What is needed: Drop the pictures and repeat the remaining data exactly.

Provided material:
Content starts

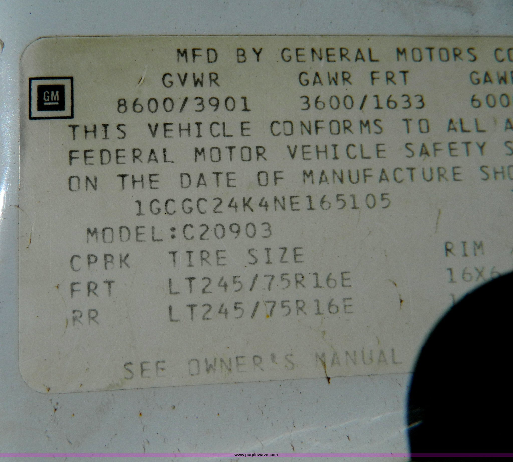 1992 Chevrolet Cheyenne C2500 pickup truck. 204,001 miles on odometer Mileage may vary, 5.7L V8 TBI engine, Automatic transmission, AC and heat, AM/FM, Manual windows and locks, T245/75R16 tires, Cosmetic damage, Rust, Dents, Personal contents not included. 1GCGC24K4NE165105. Ottawa County Road Department. 912 E 10th. Minneapolis, KS 67467
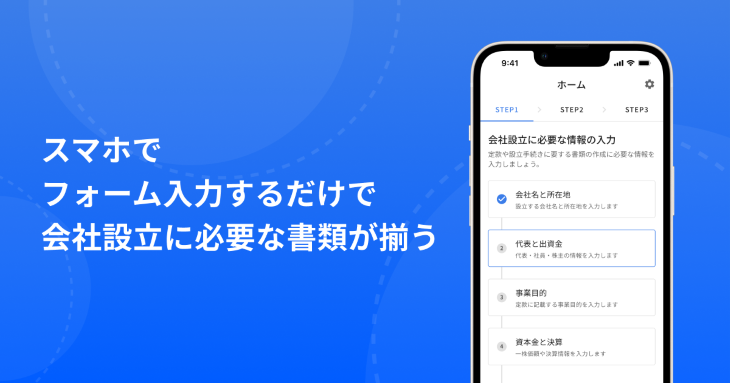 ・ iOS / Androidに対応。いつでもどこでも会社設立をはじめられます
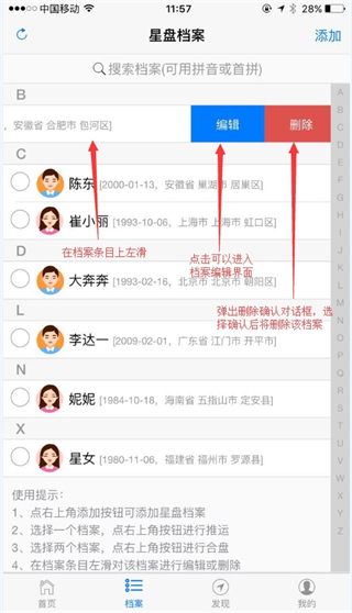 在档案条目处,按住条目向左滑动,就能调出该条档案的操作菜单,你可以借助菜单对该档案执行编辑和删除操作。

Content ends

Answer section:
 1992 Chevrolet Cheyenne C2500 pickup truck. 204,001 miles on odometer Mileage may vary, 5.7L V8 TBI engine, Automatic transmission, AC and heat, AM/FM, Manual windows and locks, T245/75R16 tires, Cosmetic damage, Rust, Dents, Personal contents not included. 1GCGC24K4NE165105. Ottawa County Road Department. 912 E 10th. Minneapolis, KS 67467
 ・ iOS / Androidに対応。いつでもどこでも会社設立をはじめられます
 在档案条目处,按住条目向左滑动,就能调出该条档案的操作菜单,你可以借助菜单对该档案执行编辑和删除操作。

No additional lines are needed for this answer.